La psicología no es mi especialidad, pero todos los médicos deberíamos desarrollar la faceta psicológica en nuestra relación con los pacientes. Yo siempre lo intento y, quizás por ello, muchas pacientes, a lo largo de los años, me han transmitido el vaivén emocional que experimentan mientras están inmersas en el –a menudo prolongado– camino hacia la maternidad, cuando éste se realiza con el apoyo de técnicas de reproducción asistida.
Son las emociones un intangible que, de manera comprensible, está sujeto a la gestión que cada persona hace del mismo. En consecuencia, hay mujeres y hombres que pueden lidiar con esas emociones durante el tratamiento de reproducción asistida de una forma más menos constructiva; otras, sin embargo, se ven condicionadas por el efecto que ese proceso genera en su relación con el entorno (afectivo, social, laboral).
Esta realidad, además, se puede ver potenciada o mitigada en base a la posibilidad de exteriorizar el proceso –tanto en su aspecto clínico como emocional– que la pareja, o la persona, está viviendo. Hablar sobre lo que estamos experimentando es, desde una perspectiva psicológica, algo positivo. Pero, más allá de ese círculo de confianza con el que se pueden compartir las experiencias, cabe preguntarse si es mejor, o no, abordar todo el proceso con más transparencia hacia el exterior: reconocer que tenemos alguna dificultad para concebir, que estamos recibiendo apoyo médico, que confiamos en que todo terminará felizmente… O, por el contrario, llevarlo con discreción, acotar la transparencia a nuestro círculo más íntimo, optar por la privacidad. Lo cierto es que no existe una opción correcta, una posibilidad única y acertada.
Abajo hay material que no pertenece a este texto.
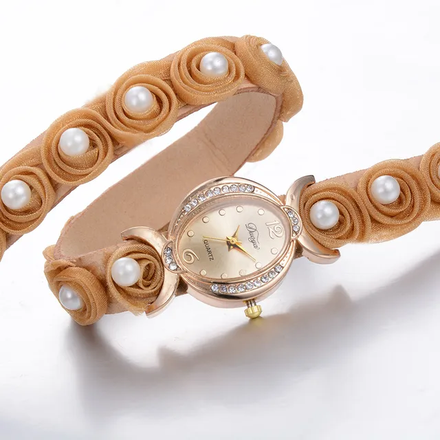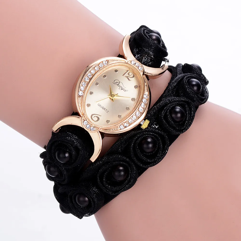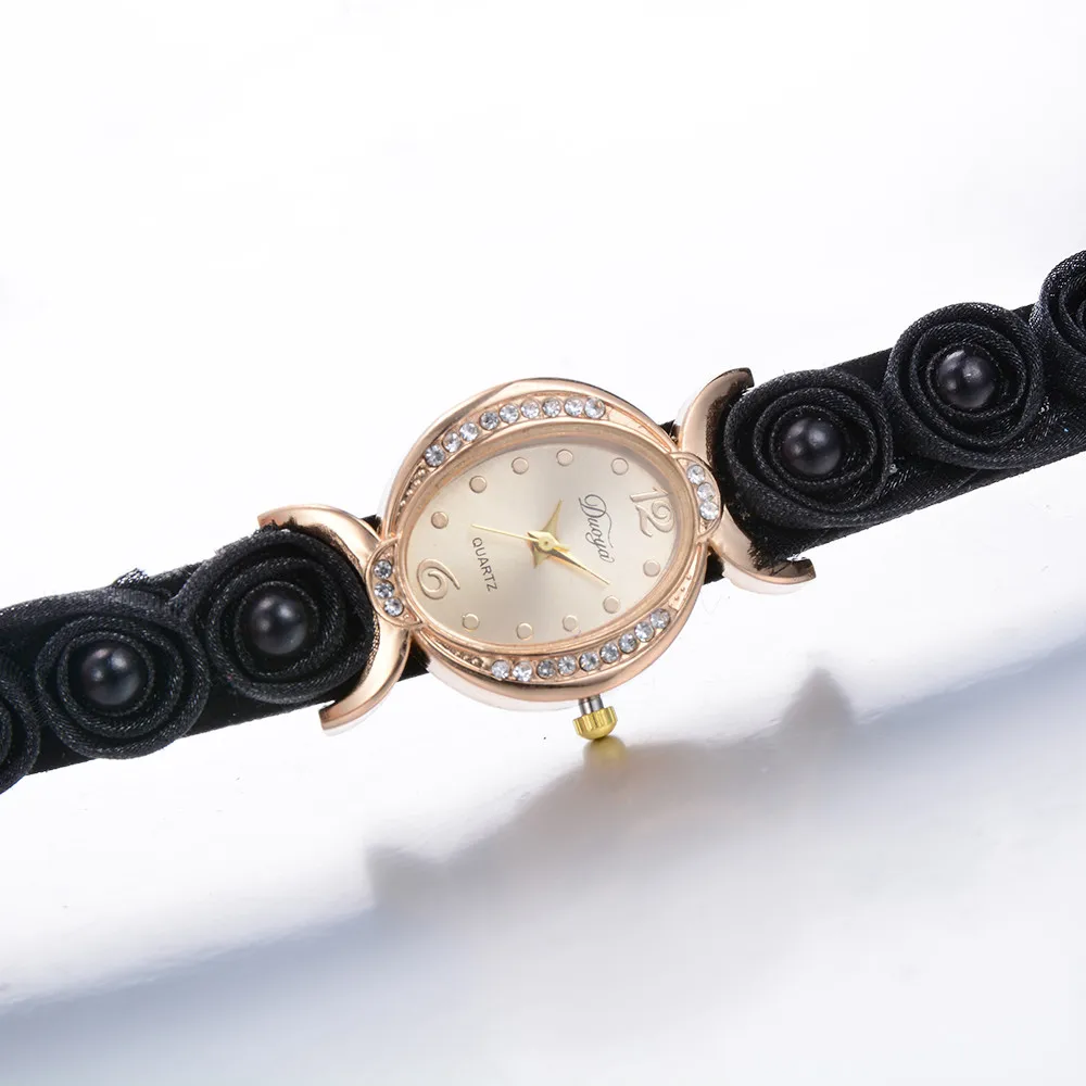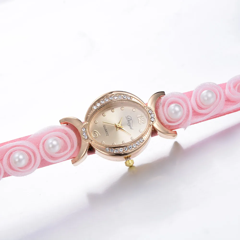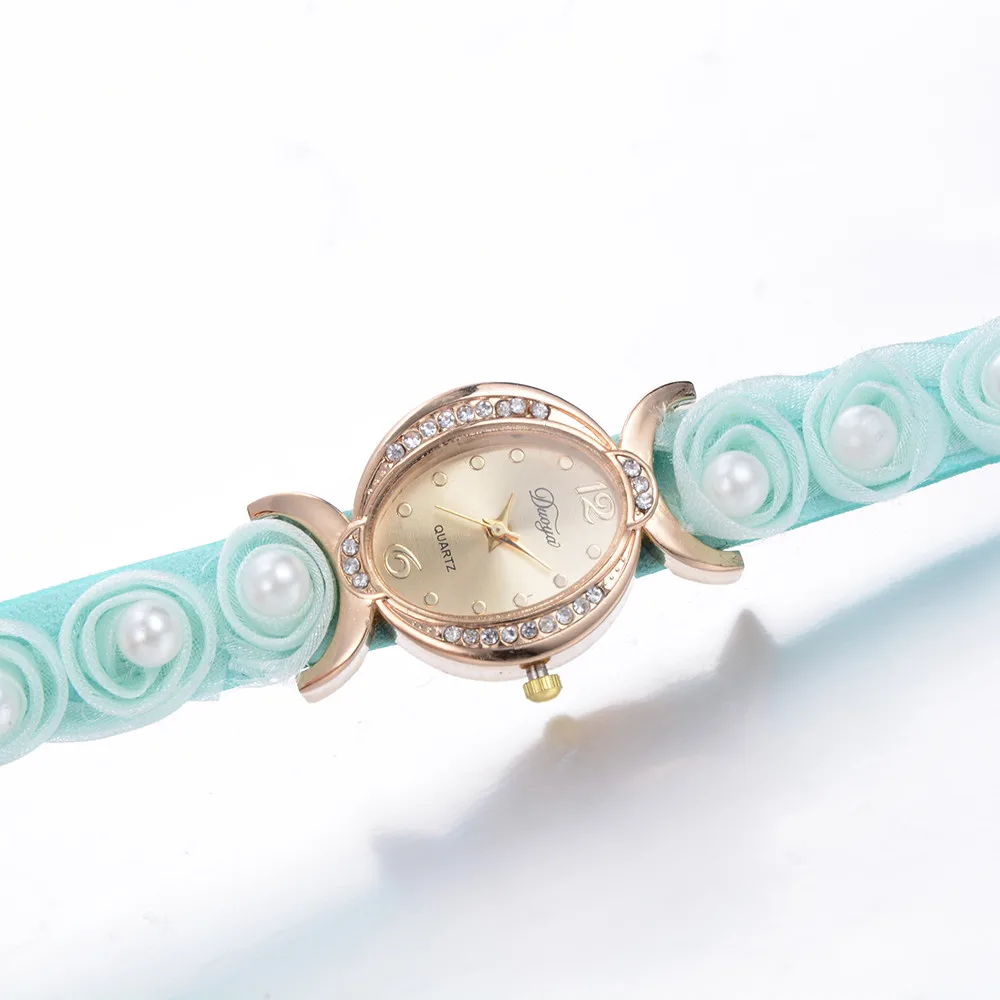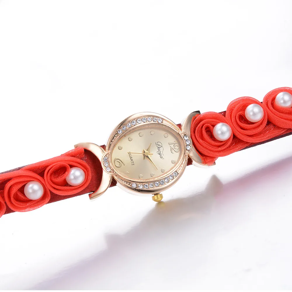 | [해외] Douya 최고 품질의 꽃 여성 손목 럭셔리 브랜드 여성의 팔찌 시계 레이스 인쇄 가죽 시계 Relogios Femininos |

Aquí todo es relativo y cada situación resulta compleja en sí misma.
Contarlo, no contarlo…
Hay mujeres que optan por exteriorizar, de manera razonable, lo que están viviendo (no se trata de ir con un cartel al cuello que diga “estoy en tratamiento de reproducción”), transmitiendo sus temores e ilusiones, sus altibajos, decepciones o estados de euforia: sobrellevan esa realidad con “naturalidad” –compartiéndola, incluso, en blogs y redes sociales– reduciendo la presión y evitando situaciones comprometidas en su cotidianeidad.
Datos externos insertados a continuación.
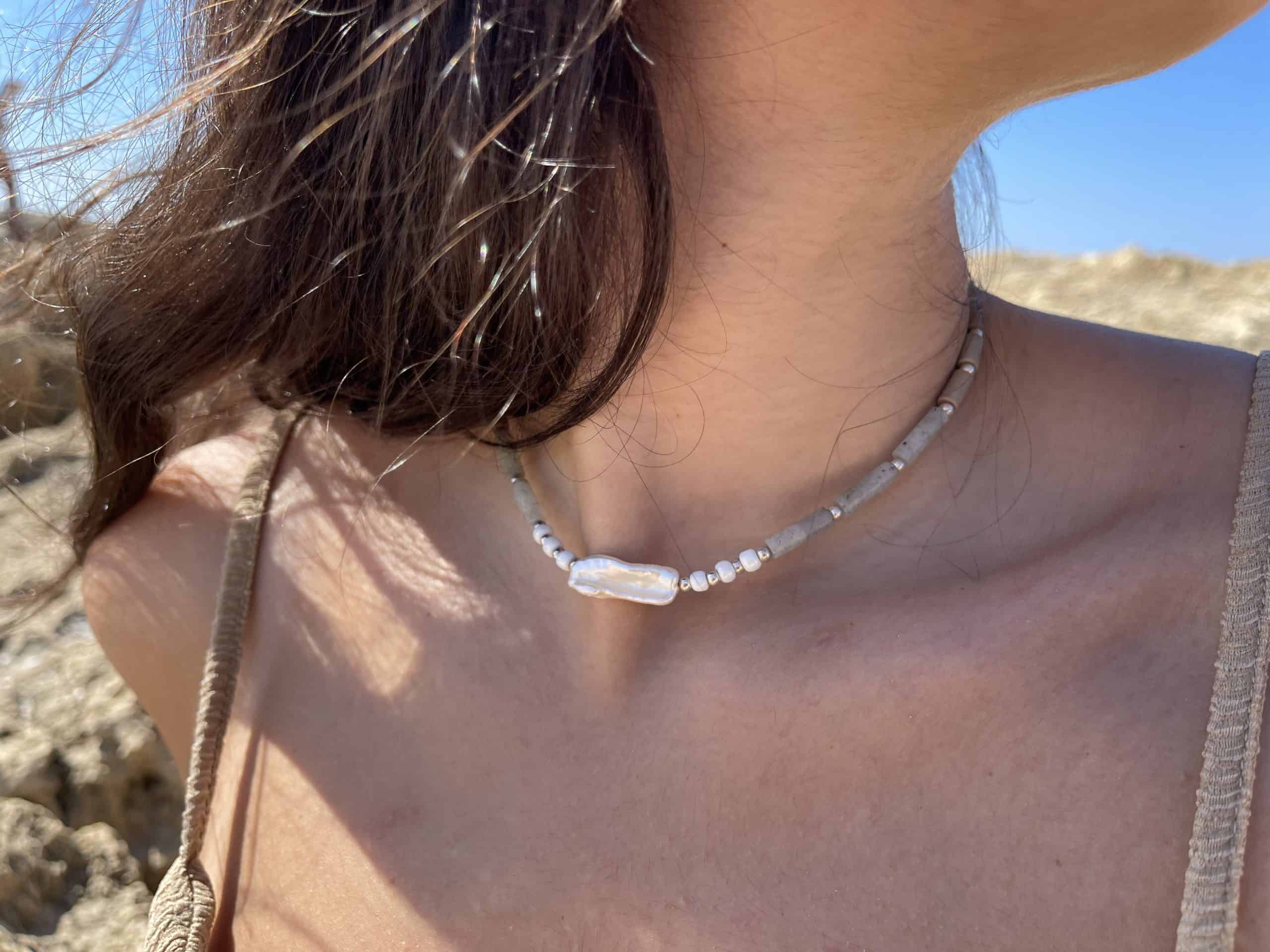 שרשרת אבני שיש בגווני אבן בשילוב פנינה וכדורי כסף 925.

Otras mujeres (y hombres) reconocen que aún sufren más si exteriorizan sus sentimientos porque no encuentran la empatía ni la sensibilidad que cabe esperar de nuestros interlocutores –incluso en el propio entorno familiar o de amistades– respecto al “problema”. Empezando porque mucha gente que no sabe qué implica, exactamente, tener dificultades para lograr un embarazo o llevarlo a término, porque nunca han tenido ese problema, piensan que es algo casi intrascendente al no tratarse de una “enfermedad”, lo que nos lleva a escuchar todo tipo de frases inoportunas (cuando no, groseras) del tipo “tranquila, relájate, no te obsesiones”, “¿y vosotros para cuándo?”, “pues mi vecina estuvo casi tres años y al final…”, “¿te has planteado la adopción?”, etc. Por no hablar de esas situaciones en las que sólo se habla de niños, de embarazos, de pañales y biberones.
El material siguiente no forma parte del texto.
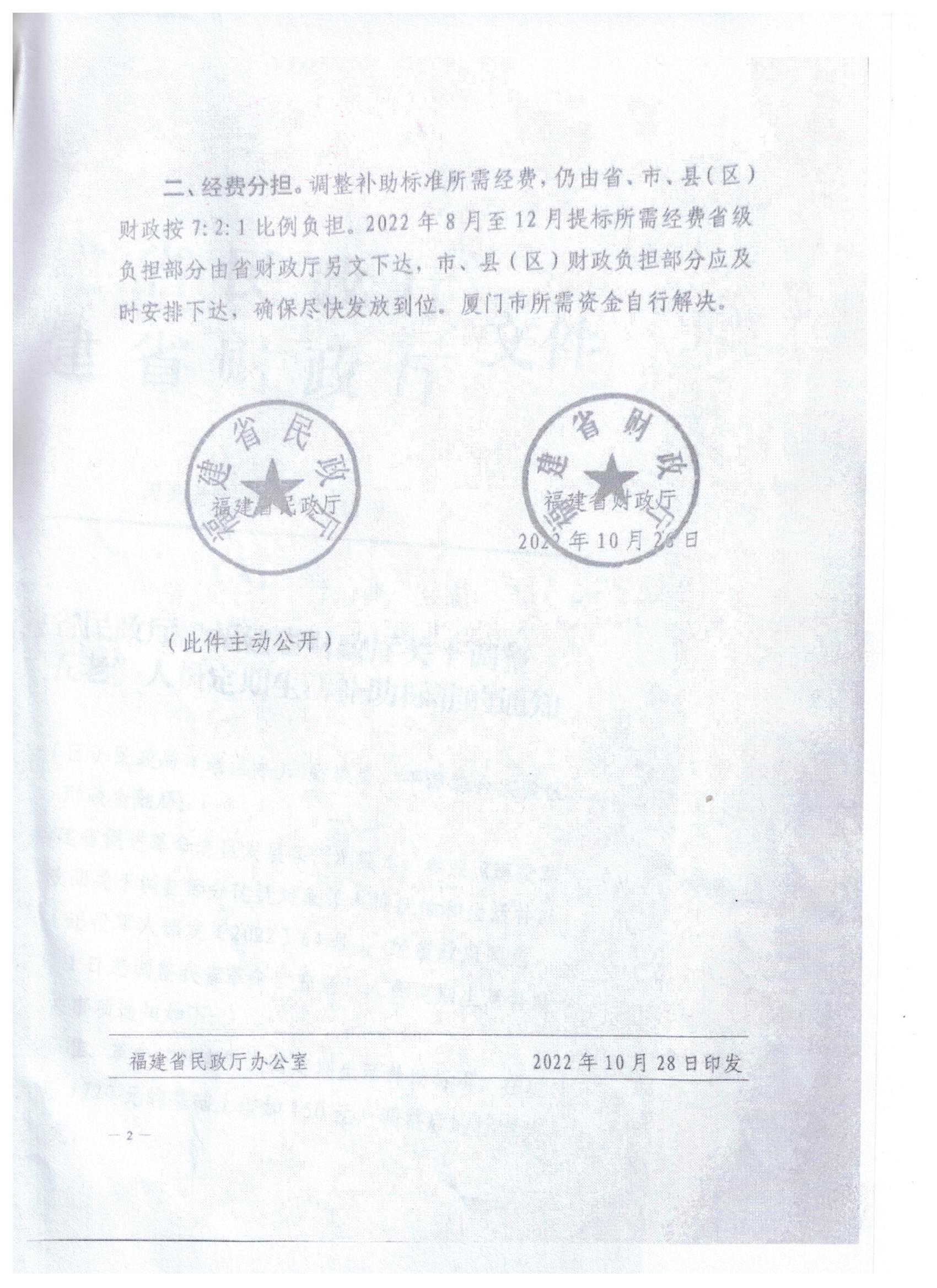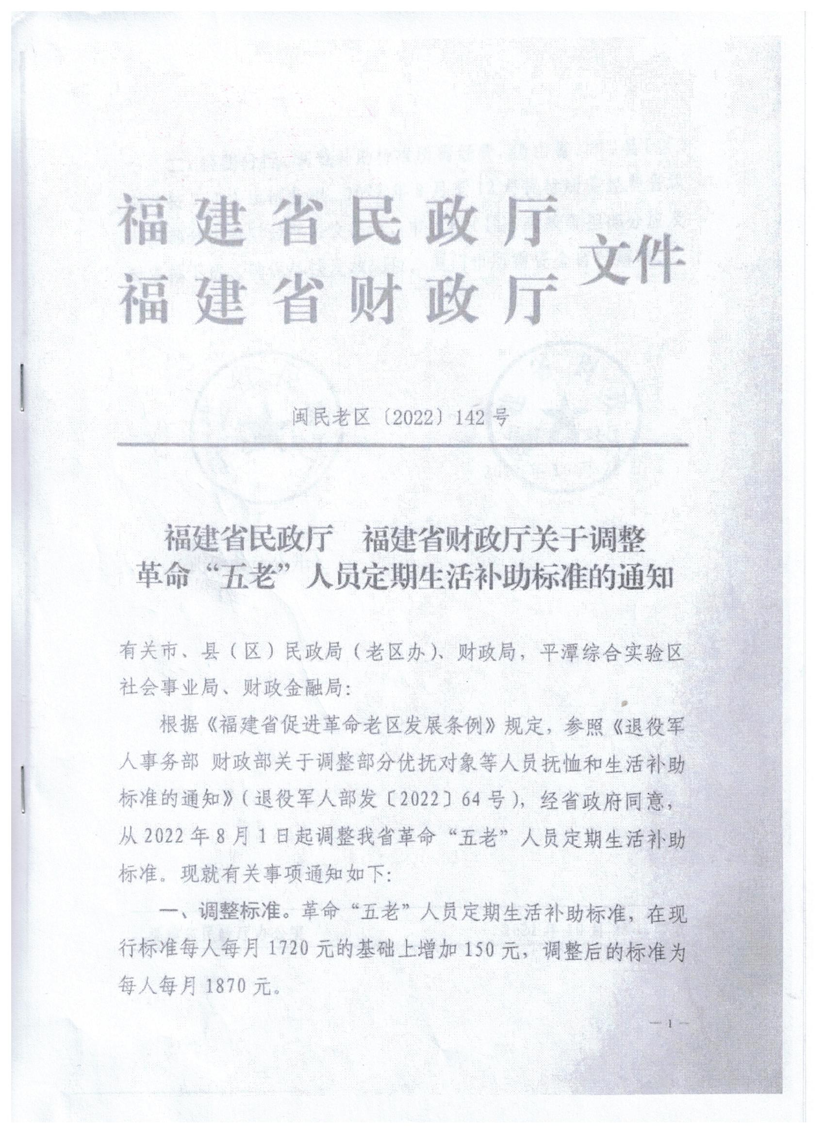 福建省财政厅 福建省民政厅关于调整革命“五老”人员定期生活补助标准的通知
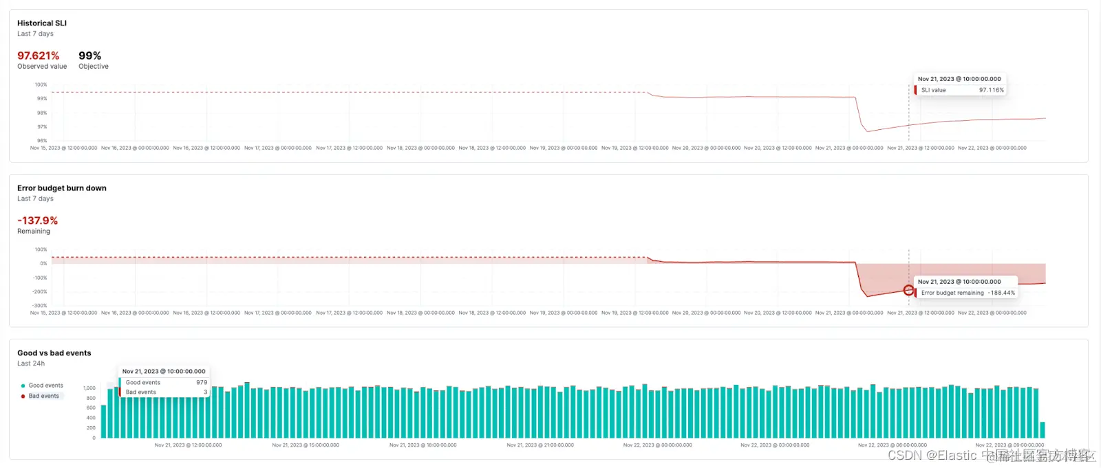 SLO 详细信息页面上有一个新图表,显示过去 24 小时内发生的好事件与坏事件,以便在违反 SLO 时更快地进行调查。

Seguro que nadie actúa de mala fe, nadie quiere ofender ni hurgar en la herida, pero sería bueno que todos recibiéramos una educación emocional, desde la escuela, en la que se nos mostrase que el mejor camino hacia la empatía es la escucha. Basta con escuchar, con recibir afecto –nadie quiere compasión sino comprensión– y aprender a ponernos en el lugar de El Otro. Todo sería más llevadero.
Hablar y escuchar
No me siento cualificada para dar consejos emocionales, pero sí creo que puedo aportar una visión que ayude a suavizar la presión que la mayoría de mujeres asumen cuando afrontan un proceso de reproducción asistida.
En primer lugar, hay que estar bien asesorada, debidamente informada y disponer de datos reales sobre qué se puede conseguir, qué puede fallar y hasta dónde podemos llegar. Cuando no se produce un embarazo, es importante saber dónde está el problema, cuáles son las causas y compartir toda esa información con la paciente, ser transparentes en todo momento.
Por último, creo que es bueno intentar ser una misma, aceptarte con tus miedos y tus esperanzas, tu fortaleza y tu debilidad, dejando espacio para cada sentimiento y emoción pero esforzándote, eso sí, para que esos espacios sean más amplios cuando albergan emociones positivas y más reducidos en las negativas. Y encontrar a las personas adecuadas para hablar y ser escuchados. Entre ellos, a nuestra doctora (que no es psicóloga, pero es humana).